There are a couple of threads I enjoy reading (What is your latest Hermès purchase? is one of them) that no longer appear in the Hermès Sub-forum list; I can only find the thread if I search on the title. When i remember I’m missing it and search the thread name to read it, I see it‘s marked as Watched. However, I don’t receive alerts when there are new posts and this thread does not show up in my Watched list. Does anyone know why this is happening and how to fix it? TIA!


----------



## whateve

Mar_ said:


> Dark mode is a feature that would change the display of the forum to a dark color background with light color text instead of the default where the text is black and the background is white. It's just easier on the eyes for some people.
> 
> Just wondering if I missed this in settings or is it really not available. And if it's not I guess I'd like to request that


I remember seeing it on the old version of the forum. There used to be all kinds of settings at the bottom of the page. I don't know where it would be on this version of the forum.


----------



## nicole0612

Hi, when I try to mark a thread or forum as read I am getting an error message. I also cannot open a thread I have not opened before. A third new problem is that every thread/forum I have already read are all showing as new and unread. I’m not sure if it’s just me, thanks.


----------



## acrowcounted

nicole0612 said:


> Hi, when I try to mark a thread or forum as read I am getting an error message. I also cannot open a thread I have not opened before. A third new problem is that every thread/forum I have already read are all showing as new and unread. I’m not sure if it’s just me, thanks.

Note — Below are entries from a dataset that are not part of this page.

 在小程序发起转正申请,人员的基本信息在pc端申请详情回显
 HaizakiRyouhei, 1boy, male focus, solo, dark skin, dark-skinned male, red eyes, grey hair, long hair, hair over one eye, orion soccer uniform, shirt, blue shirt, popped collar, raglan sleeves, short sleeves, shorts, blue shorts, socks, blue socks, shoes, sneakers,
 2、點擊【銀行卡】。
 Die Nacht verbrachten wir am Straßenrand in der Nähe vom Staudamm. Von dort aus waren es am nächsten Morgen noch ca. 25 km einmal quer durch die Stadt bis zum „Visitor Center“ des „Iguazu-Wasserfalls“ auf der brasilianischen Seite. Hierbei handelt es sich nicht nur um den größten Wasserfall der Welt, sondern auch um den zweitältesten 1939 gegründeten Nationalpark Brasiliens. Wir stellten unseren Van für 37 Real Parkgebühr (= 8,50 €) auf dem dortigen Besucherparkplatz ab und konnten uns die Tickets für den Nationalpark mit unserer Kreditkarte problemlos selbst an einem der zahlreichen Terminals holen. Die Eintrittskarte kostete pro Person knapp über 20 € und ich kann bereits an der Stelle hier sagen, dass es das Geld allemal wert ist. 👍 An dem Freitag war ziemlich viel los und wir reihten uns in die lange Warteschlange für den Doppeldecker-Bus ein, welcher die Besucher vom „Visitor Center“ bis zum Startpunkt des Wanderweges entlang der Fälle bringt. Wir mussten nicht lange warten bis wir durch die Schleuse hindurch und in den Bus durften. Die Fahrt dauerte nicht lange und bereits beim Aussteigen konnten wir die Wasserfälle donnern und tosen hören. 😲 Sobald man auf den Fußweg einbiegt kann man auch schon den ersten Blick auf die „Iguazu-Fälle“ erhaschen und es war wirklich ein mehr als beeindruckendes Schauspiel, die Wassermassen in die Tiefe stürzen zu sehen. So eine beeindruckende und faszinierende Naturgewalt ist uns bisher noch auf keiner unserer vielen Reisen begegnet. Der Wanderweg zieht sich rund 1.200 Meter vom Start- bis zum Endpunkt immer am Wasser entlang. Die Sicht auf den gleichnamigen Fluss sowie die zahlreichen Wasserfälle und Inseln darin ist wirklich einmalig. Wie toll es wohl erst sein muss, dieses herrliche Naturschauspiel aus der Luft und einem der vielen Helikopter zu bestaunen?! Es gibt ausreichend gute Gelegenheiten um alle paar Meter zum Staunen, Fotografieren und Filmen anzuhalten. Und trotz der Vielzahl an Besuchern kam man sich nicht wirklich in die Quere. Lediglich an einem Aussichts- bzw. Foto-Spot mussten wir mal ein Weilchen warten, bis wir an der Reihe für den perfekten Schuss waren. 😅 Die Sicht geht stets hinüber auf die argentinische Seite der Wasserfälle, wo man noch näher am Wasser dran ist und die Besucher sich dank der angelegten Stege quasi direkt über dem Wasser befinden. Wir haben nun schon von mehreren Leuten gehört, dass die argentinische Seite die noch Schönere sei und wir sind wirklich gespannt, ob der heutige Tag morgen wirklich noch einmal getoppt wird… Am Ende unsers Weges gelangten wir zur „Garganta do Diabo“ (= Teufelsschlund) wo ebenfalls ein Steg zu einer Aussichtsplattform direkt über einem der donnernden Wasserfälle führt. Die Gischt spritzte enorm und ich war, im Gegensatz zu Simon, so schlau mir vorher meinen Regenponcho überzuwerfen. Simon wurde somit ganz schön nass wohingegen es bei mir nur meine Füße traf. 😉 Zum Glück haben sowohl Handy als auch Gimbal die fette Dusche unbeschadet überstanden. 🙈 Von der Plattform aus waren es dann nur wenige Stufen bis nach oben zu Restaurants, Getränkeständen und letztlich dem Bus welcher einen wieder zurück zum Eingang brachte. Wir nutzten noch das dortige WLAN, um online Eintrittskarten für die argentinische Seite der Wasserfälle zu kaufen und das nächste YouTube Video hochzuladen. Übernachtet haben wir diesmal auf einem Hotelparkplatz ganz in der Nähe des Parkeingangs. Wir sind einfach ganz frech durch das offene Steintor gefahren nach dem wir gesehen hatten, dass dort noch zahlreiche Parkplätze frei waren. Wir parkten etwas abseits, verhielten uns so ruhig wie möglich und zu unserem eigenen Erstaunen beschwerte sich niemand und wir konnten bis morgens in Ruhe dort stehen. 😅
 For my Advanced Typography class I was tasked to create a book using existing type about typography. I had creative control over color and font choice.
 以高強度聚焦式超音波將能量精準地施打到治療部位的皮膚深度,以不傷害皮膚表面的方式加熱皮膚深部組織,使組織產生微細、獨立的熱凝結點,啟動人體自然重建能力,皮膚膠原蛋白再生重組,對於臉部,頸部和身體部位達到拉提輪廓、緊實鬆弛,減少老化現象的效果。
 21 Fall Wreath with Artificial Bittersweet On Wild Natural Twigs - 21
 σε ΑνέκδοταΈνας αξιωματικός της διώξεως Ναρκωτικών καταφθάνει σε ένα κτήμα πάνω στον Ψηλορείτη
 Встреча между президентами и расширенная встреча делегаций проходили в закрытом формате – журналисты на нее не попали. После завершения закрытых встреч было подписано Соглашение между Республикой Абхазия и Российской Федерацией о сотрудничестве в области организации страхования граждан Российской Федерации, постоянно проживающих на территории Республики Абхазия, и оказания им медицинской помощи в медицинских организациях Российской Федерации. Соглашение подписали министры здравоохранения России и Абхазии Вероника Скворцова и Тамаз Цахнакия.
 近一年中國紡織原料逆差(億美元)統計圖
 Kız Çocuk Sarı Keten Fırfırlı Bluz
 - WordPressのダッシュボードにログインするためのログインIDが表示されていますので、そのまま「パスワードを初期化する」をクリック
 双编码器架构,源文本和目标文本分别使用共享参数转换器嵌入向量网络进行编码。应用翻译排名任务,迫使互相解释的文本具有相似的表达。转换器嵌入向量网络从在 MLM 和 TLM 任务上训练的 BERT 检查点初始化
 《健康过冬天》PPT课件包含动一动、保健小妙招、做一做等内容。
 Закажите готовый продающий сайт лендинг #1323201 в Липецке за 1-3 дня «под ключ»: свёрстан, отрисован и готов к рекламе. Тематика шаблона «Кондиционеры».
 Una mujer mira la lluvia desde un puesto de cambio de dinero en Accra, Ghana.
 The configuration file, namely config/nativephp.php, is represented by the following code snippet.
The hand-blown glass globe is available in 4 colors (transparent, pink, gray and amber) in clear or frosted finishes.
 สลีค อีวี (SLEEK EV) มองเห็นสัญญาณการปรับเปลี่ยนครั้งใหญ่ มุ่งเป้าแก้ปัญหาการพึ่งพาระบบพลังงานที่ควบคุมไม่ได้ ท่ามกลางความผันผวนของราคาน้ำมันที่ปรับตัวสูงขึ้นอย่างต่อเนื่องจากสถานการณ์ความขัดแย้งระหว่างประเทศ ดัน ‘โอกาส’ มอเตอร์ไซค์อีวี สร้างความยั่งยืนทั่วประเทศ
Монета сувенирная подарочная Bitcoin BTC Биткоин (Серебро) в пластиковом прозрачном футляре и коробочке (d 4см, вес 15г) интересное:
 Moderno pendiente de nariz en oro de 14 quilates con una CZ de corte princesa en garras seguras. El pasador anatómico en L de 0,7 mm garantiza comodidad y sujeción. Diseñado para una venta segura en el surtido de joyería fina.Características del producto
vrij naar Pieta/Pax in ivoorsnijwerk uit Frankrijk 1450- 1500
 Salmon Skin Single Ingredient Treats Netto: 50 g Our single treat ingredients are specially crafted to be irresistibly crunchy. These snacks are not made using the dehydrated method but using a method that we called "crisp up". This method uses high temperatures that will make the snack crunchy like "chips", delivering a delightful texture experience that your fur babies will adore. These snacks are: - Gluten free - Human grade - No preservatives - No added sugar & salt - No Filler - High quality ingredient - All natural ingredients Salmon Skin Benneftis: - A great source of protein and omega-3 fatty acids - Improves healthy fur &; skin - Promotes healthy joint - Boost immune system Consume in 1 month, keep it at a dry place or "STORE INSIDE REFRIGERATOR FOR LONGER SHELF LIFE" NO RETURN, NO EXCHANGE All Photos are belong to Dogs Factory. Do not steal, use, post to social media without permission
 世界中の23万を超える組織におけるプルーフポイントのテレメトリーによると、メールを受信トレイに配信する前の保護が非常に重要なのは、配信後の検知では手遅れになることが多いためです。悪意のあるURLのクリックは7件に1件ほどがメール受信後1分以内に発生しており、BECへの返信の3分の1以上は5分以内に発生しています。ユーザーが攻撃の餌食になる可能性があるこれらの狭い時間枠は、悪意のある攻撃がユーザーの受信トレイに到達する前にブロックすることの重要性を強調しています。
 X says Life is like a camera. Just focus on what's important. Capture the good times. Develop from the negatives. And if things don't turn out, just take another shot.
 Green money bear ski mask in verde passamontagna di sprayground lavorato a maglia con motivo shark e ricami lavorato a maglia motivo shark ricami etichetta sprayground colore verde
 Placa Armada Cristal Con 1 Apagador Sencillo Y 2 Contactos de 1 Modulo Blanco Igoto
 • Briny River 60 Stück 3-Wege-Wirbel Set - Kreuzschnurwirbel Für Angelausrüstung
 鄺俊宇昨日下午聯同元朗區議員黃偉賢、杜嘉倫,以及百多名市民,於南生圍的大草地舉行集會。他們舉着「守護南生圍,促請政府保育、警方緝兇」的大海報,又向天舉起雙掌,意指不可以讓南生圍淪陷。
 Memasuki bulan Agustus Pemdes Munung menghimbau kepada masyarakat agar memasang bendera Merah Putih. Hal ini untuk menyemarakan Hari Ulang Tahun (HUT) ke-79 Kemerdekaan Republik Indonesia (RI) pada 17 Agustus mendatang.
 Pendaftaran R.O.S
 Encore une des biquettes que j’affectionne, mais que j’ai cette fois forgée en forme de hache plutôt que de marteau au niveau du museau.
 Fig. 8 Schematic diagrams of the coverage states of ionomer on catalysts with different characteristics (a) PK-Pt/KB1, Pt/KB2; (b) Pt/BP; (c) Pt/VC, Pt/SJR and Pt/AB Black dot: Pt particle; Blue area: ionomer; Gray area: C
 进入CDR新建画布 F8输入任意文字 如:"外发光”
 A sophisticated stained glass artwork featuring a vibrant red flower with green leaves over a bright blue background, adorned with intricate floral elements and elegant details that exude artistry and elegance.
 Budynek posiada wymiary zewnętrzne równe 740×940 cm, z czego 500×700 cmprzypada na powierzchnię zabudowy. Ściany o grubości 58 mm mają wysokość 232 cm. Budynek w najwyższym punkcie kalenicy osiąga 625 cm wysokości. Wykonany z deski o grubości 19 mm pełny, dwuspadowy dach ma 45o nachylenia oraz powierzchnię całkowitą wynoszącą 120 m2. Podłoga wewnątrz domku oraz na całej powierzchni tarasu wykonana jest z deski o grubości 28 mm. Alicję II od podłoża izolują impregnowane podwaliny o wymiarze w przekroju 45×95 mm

Same. Started late last night (USA) for me. Here is an example of a subforum link which no longer works




__





						Hermès tPF Meetings
					

Discuss and plan get-togethers




					forum.purseblog.com


----------



## jbags07

Wondering if our ‘watched threads’ has been removed , or is this a temporary glitch? I can no longer find my list of my watched threads in my account….thank you!


----------



## V0N1B2

@Vlad did the forum have a reset or something? Is that why everyone's watched threads are funky?
All of my ignored forums and threads are back visible again.
Please don't make me see instafamous fauxionistas posing just so with their highly styled junk in the "celebrities" with their X Brand. Please! Please, I beg you! Nooooo!


----------



## jbags07

Update; after further investigation, i discovered the watched threads are now listed under the ‘my content’ heading…


----------



## VigeeLeBrun

@Vlad, hey, no worries!

You, at least executed and implemented a new version of tPF and I applaud the effort with the new install.

NOT EASY, fellow tPFers

My credentials in tech esp software, which are pretty fricken amazing having started my career in my 20’s programming one of the the first & highly visible banking apps via cobol & IDMS back in the DAY - like prehistoric and continued 11-programming languages later until promoted to Director level@NYC tech company.

Am retired and so thankful for the long hard days and nights - parallel software tests@midnight are esp fun!

So, yea I’m throwing in a positive note, implementation is def a b@tch, @Vlad and we  appreciate you!


----------



## whateve

VigeeLeBrun said:


> @Vlad, hey, no worries!
> 
> You, at least executed and implemented a new version of tPF and I applaud the effort with the new install.
> 
> NOT EASY, fellow tPFers
> 
> My credentials in tech esp software, which are pretty fricken amazing having started my career in my 20’s programming one of the the first & highly visible banking apps via cobol & IDMS back in the DAY - like prehistoric and continued 11-programming languages later until promoted to Director level@NYC tech company.
> 
> Am retired and so thankful for the long hard days and nights - parallel software tests@midnight are esp fun!
> 
> So, yea I’m throwing in a positive note, implementation is def a b@tch, @Vlad and we  appreciate you!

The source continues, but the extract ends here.